> _WORK INSTRUCTIONS_:
Restate word for word the opening line of the data below and every line after it until the line with "webstorm中.vue文件识别为text文件", that line too, but not the pictures.

> _DATA BELOW_:
————————

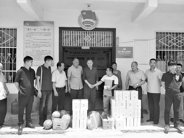 端午节前夕,周口市人大代表、郸城中州国际酒店董事长申宗奎,在郸城县委统战部副部长、工商联党组书记韩大力,工商联主席范新德,以及虎岗乡长赵强等陪同下,带着慰问金和50份瓜果、矿泉水、毛巾、香皂等慰问品,对驻在虎岗乡的所有驻村第一书记和驻村工作队员进行慰问。记者 徐松 通讯员 王忠仆 摄
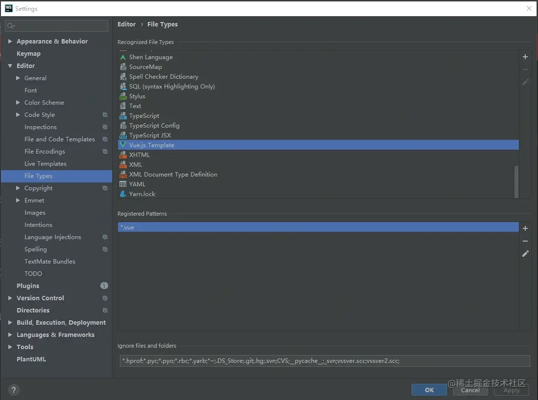 webstorm中.vue文件识别为text文件
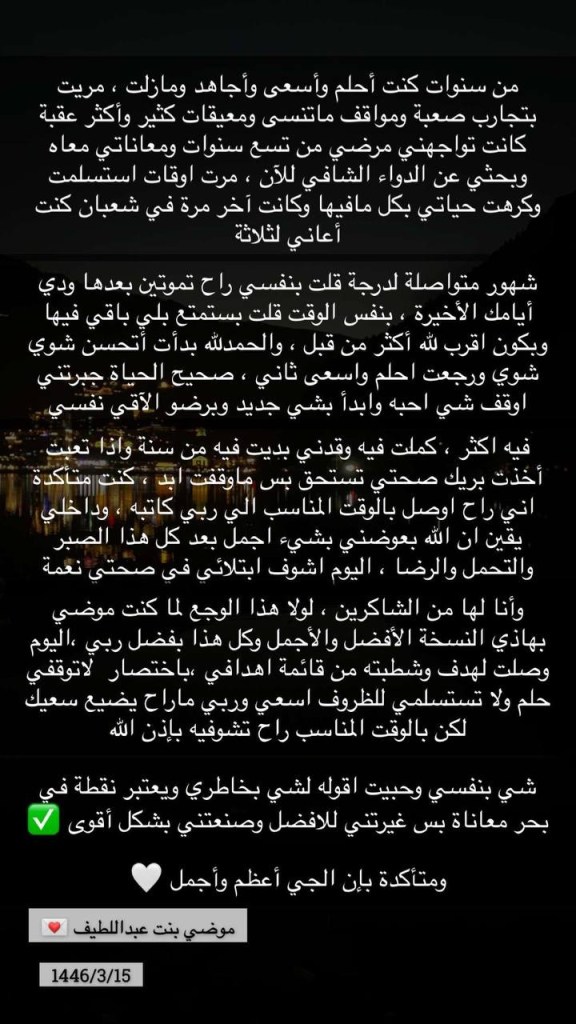 مر شهر سبتمبر جميلاً لطيفاً خفيفاً على روحي وعقلي وقلبي معاً ، يعود الفضل لمرور أيامه بتلك الحلاوة لله وليس بفضلي فالحمدلله كثيراً ، بدأت أشعر ان حياتي ترتبت أكثر من قبل وأصبحت لدي خطة مرسومة لما أريد السير فيه ، وأهدافي واضحة لأكمل السعي بها إن كانت لي خيراً بإذن الله ، عقدت ايضاً صداقات جديدة لإرواح تشبهني وكنت ابحث عنها دوماً واتمنى ان أكون بينهم، أحطت نفسي بأشخاص صالحين جداً أحببت صحبتهم وشاكرة لله على وجودي حولهم ، وأكثر ما زاد سبتمبر بهجة ان تلك النوبات الشديدة من الألم لم تهاجمني طوال الشهر ، نعم ذهبت إلى المستشفى ولكن ليس بسببها لذا الحمدلله على ما أنا عليه اليوم ، أدونها بقلمي وأنا مبتسمة قد تراها بسيطة ولكن أراها شي عظيم جداً يكفيني ان بينها هدفين كنت أسعى اليهم واحداً منذو سنه والآخر منذو شهور ،فخورة بنفسي وأحبها كثير وهي تستحق مني كل هذا الدلال والتميز والمكافأة ، أحبك موضي أنت حقاً شجاعة ومعطاءة ولديك إرادة من حديد الحمدلله ربي .

————————

> _REPLY TO THE TASK_:
 端午节前夕,周口市人大代表、郸城中州国际酒店董事长申宗奎,在郸城县委统战部副部长、工商联党组书记韩大力,工商联主席范新德,以及虎岗乡长赵强等陪同下,带着慰问金和50份瓜果、矿泉水、毛巾、香皂等慰问品,对驻在虎岗乡的所有驻村第一书记和驻村工作队员进行慰问。记者 徐松 通讯员 王忠仆 摄
 webstorm中.vue文件识别为text文件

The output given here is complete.